GIVEN INFORMATION:
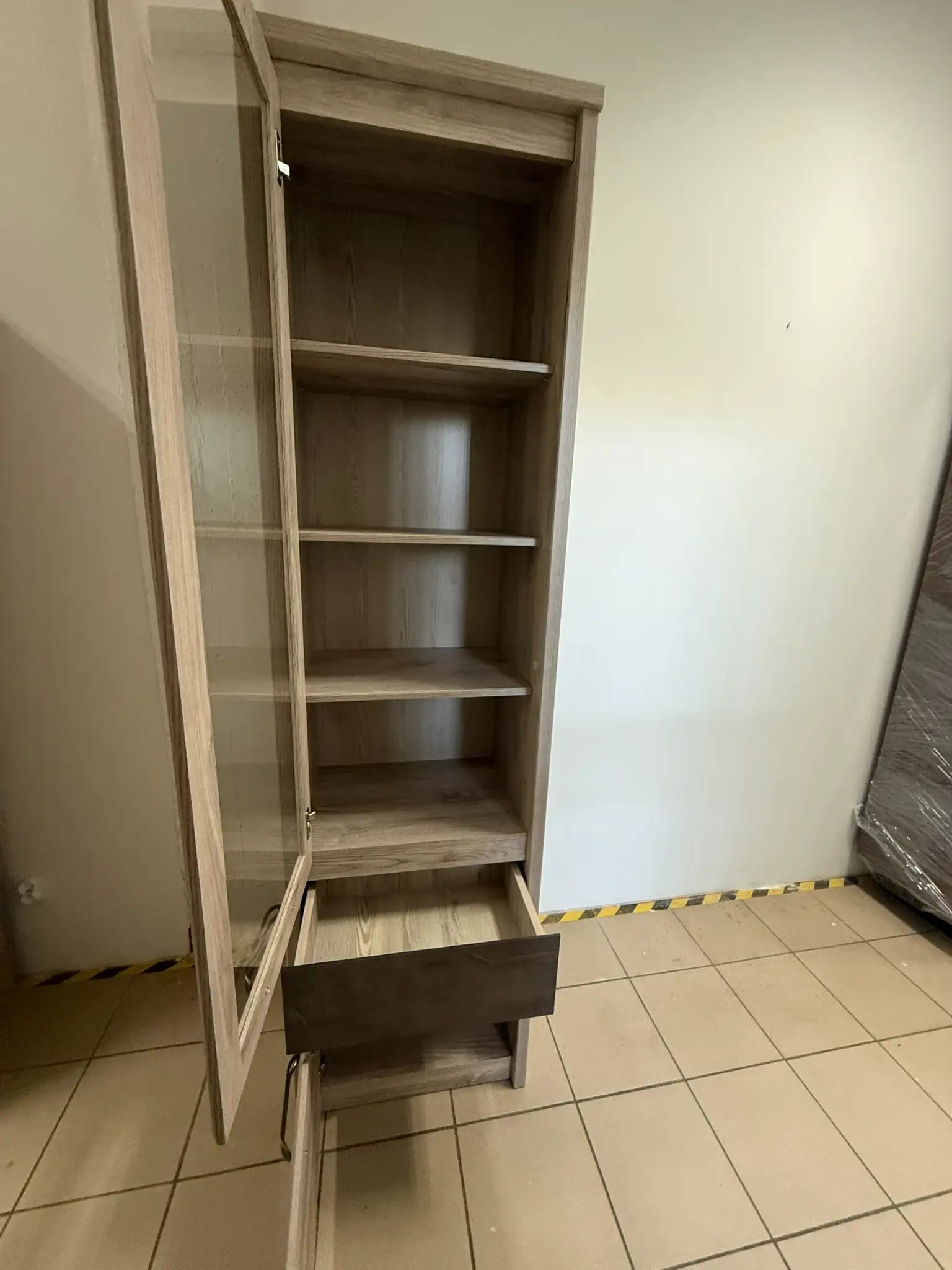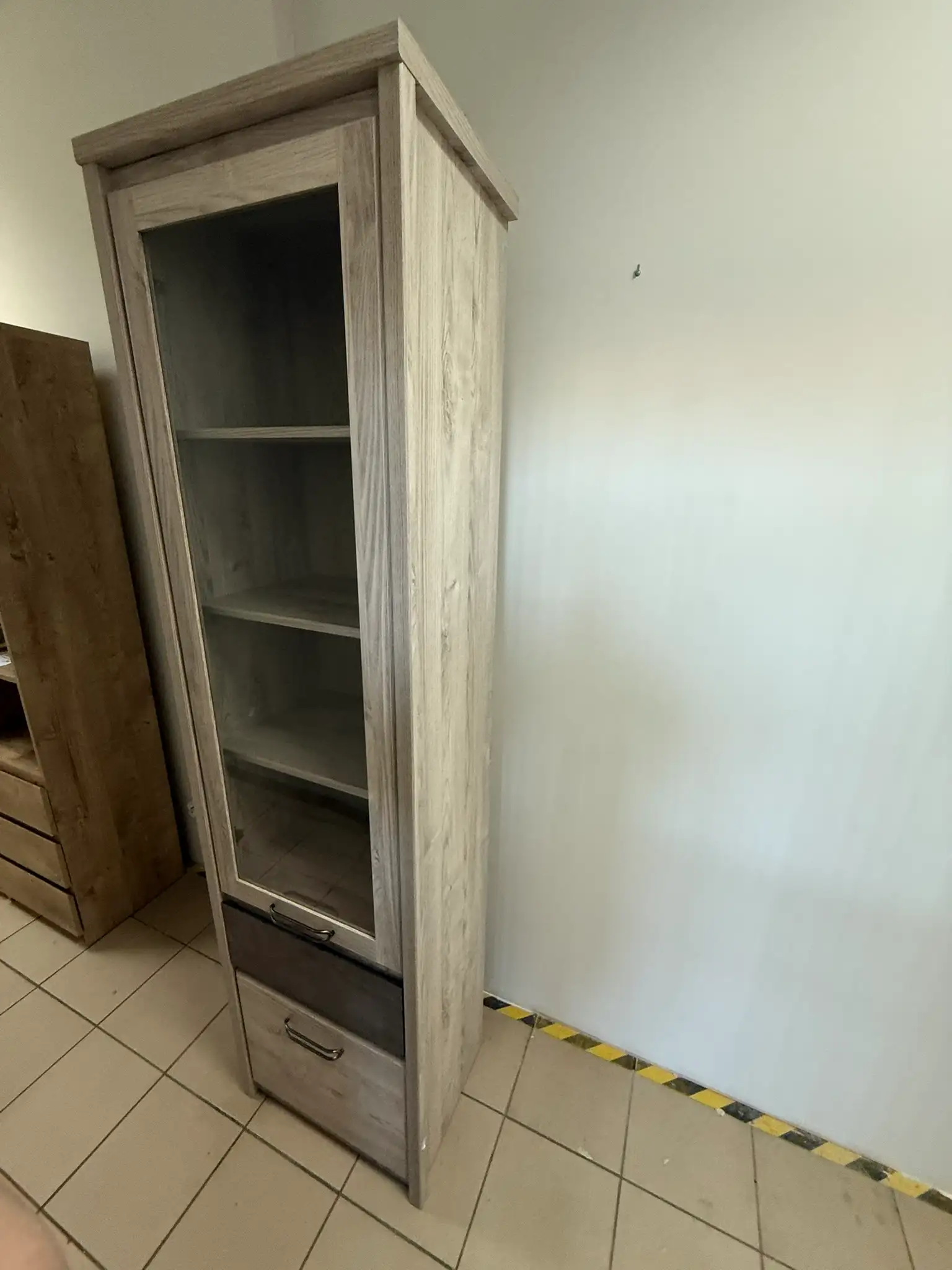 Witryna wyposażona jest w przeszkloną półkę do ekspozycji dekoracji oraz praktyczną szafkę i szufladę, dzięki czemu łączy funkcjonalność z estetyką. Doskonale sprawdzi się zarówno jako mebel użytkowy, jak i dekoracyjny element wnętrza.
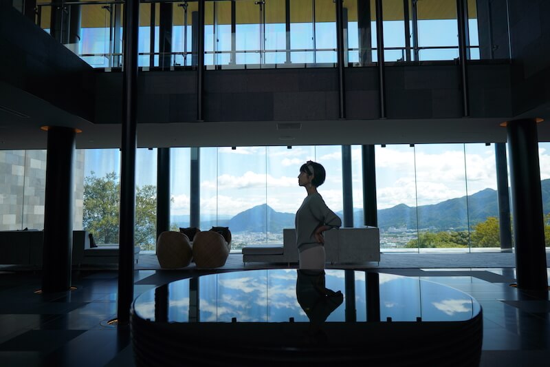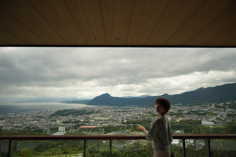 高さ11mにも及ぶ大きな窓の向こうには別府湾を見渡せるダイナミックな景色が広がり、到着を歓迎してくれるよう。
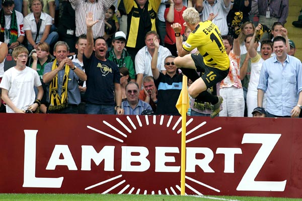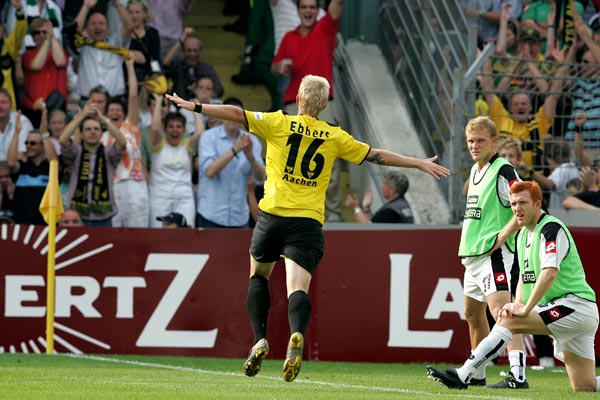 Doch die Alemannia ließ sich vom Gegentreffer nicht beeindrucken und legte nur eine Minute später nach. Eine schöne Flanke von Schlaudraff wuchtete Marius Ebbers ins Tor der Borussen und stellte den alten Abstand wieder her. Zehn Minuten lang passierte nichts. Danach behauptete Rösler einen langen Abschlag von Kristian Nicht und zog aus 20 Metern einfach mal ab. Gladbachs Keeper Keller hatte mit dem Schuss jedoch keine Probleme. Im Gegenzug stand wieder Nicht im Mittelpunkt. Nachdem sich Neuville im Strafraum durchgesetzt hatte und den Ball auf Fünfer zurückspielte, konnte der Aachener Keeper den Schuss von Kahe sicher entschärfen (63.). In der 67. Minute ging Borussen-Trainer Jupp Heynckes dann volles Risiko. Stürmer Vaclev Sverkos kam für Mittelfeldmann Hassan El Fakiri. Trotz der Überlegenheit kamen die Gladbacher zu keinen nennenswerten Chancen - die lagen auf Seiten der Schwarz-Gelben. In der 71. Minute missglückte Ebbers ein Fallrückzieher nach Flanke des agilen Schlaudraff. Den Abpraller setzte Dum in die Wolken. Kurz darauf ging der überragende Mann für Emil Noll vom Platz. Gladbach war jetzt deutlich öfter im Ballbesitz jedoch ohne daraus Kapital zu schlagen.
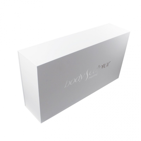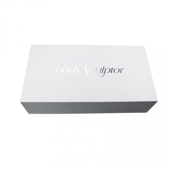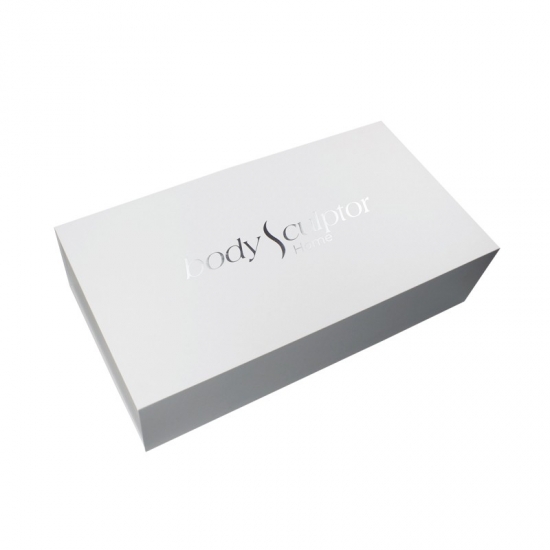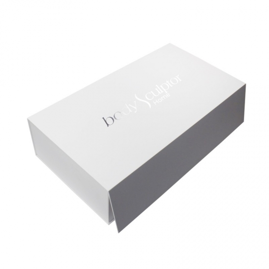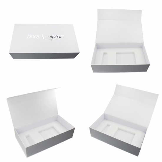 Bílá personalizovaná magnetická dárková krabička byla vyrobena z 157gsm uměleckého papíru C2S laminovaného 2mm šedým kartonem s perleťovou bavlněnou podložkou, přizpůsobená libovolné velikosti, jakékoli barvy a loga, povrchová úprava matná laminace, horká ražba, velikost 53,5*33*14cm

* * *

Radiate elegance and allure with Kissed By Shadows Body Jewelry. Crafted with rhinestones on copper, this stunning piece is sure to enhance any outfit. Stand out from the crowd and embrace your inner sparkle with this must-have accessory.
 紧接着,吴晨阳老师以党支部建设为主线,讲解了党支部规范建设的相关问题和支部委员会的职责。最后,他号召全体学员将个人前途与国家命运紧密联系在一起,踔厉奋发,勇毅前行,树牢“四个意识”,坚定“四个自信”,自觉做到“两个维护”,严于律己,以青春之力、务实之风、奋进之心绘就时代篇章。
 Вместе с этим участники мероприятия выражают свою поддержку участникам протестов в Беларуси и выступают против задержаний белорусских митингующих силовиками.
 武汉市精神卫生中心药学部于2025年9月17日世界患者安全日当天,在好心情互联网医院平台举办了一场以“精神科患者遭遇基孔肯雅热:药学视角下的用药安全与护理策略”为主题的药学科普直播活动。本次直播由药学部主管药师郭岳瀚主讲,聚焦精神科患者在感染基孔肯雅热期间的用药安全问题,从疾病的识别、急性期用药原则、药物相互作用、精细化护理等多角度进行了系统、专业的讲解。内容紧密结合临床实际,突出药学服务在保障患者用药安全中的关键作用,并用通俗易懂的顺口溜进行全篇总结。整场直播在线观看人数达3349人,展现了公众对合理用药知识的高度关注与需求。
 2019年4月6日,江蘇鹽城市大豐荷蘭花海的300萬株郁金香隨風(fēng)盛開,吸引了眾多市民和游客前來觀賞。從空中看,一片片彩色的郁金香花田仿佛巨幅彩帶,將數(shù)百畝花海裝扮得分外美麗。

YOUR GOAL: Retype the entries above exactly, but only from the line containing "紧接着,吴晨阳老师以党支部建" through the line containing "2019年4月6日,江蘇鹽城", both included.

WRITTEN ANSWER:
 紧接着,吴晨阳老师以党支部建设为主线,讲解了党支部规范建设的相关问题和支部委员会的职责。最后,他号召全体学员将个人前途与国家命运紧密联系在一起,踔厉奋发,勇毅前行,树牢“四个意识”,坚定“四个自信”,自觉做到“两个维护”,严于律己,以青春之力、务实之风、奋进之心绘就时代篇章。
 Вместе с этим участники мероприятия выражают свою поддержку участникам протестов в Беларуси и выступают против задержаний белорусских митингующих силовиками.
 武汉市精神卫生中心药学部于2025年9月17日世界患者安全日当天,在好心情互联网医院平台举办了一场以“精神科患者遭遇基孔肯雅热:药学视角下的用药安全与护理策略”为主题的药学科普直播活动。本次直播由药学部主管药师郭岳瀚主讲,聚焦精神科患者在感染基孔肯雅热期间的用药安全问题,从疾病的识别、急性期用药原则、药物相互作用、精细化护理等多角度进行了系统、专业的讲解。内容紧密结合临床实际,突出药学服务在保障患者用药安全中的关键作用,并用通俗易懂的顺口溜进行全篇总结。整场直播在线观看人数达3349人,展现了公众对合理用药知识的高度关注与需求。
 2019年4月6日,江蘇鹽城市大豐荷蘭花海的300萬株郁金香隨風(fēng)盛開,吸引了眾多市民和游客前來觀賞。從空中看,一片片彩色的郁金香花田仿佛巨幅彩帶,將數(shù)百畝花海裝扮得分外美麗。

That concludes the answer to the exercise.